Wave your hand to change the music. The music in the other room.
Imagine the Kinect. Now imagine you can use gestures like you’d use with the Kinect to control anything–appliances, lights, gadgets, whatever. Now imagine you can do all of that from a different room entirely.
WiSee (pronounced “we see”) is a project from a team of University of Washington computer scientists to do just that, using the Wi-Fi signals your house already has. The Kinect works by bouncing infrared light off of what it sees and measuring the reflection, but WiSee uses something quite a bit more powerful: Wi-Fi.

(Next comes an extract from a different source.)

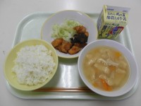 献立名:ごはん 牛乳 ホキの竜田揚げ チンゲンサイひたし 厚揚げのそぼろ煮 大豆...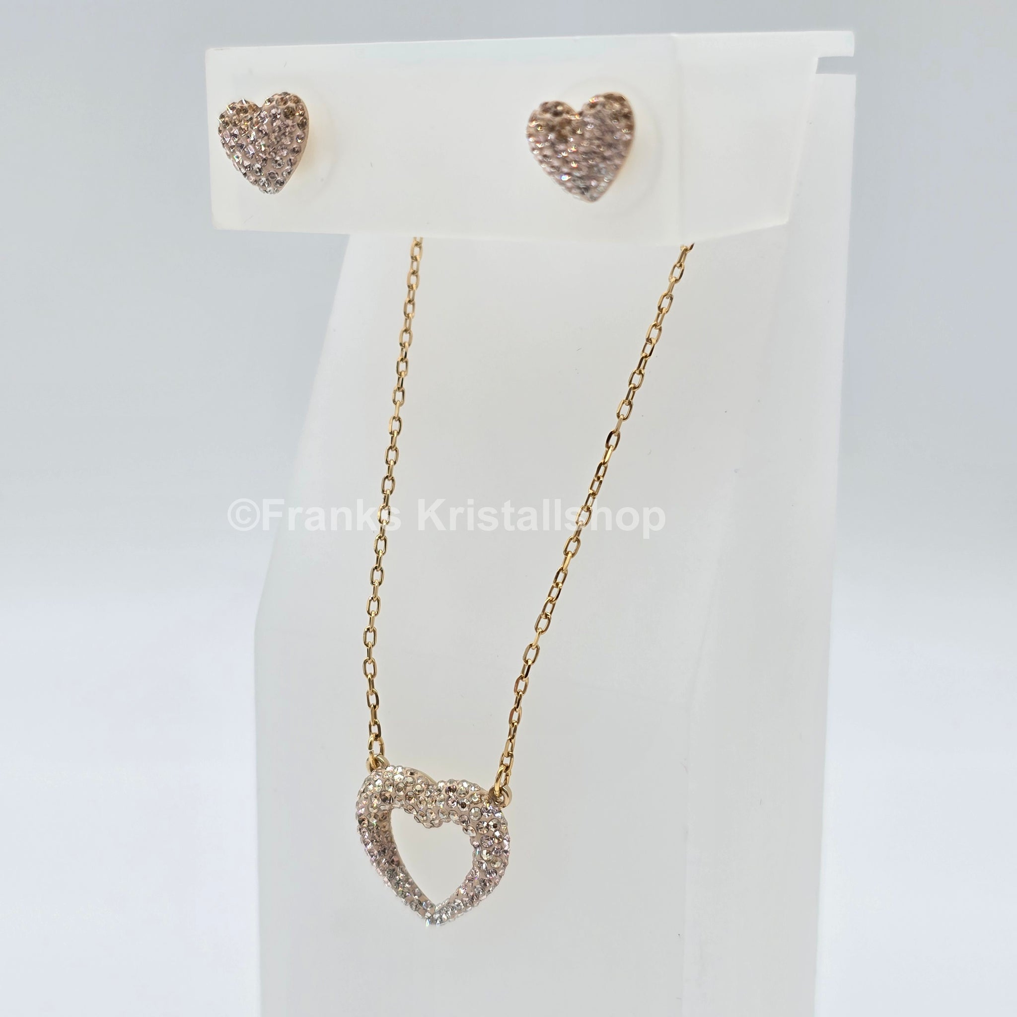 Swarovski Enjoy Set Herz Halskette und Ohrringe, Vergoldet.

Wi-Fi signals are bouncing around your house all the time, and aren’t impeded (well, not much, anyway) by walls or line-of-sight issues. So theoretically, you could use Wi-Fi signals much the same way the Kinect uses infrared. The movement of your arm only causes a very small change in the Wi-Fi signal, but the team created an algorithm that looks for the tiny signals, so you can make smaller gestures, like raising and lowering your hand to change volume.
First, the user performs one big gesture to get the system’s attention. That functions as both a security measure (so your neighbors can’t control your oven, for example) and as a call to action, the same way you have to say “Xbox!” when you want to use the Kinect. The system requires multiple antennae, but only a single receiver, and more than one user can use the system at once.
Despite being a small project based on existing technology (only the latest to do that kind of thing), it seems remarkably accurate; out of 900 gestures performed during a test, including pushing, pulling, twisting, and even complex motions like bowling, WiSee managed to correctly identify 94 percent of them. The team is still developing the tech, but as they’ve worked with illustrious companies like Microsoft in the past, don’t be surprised if WiSee shows up on the market.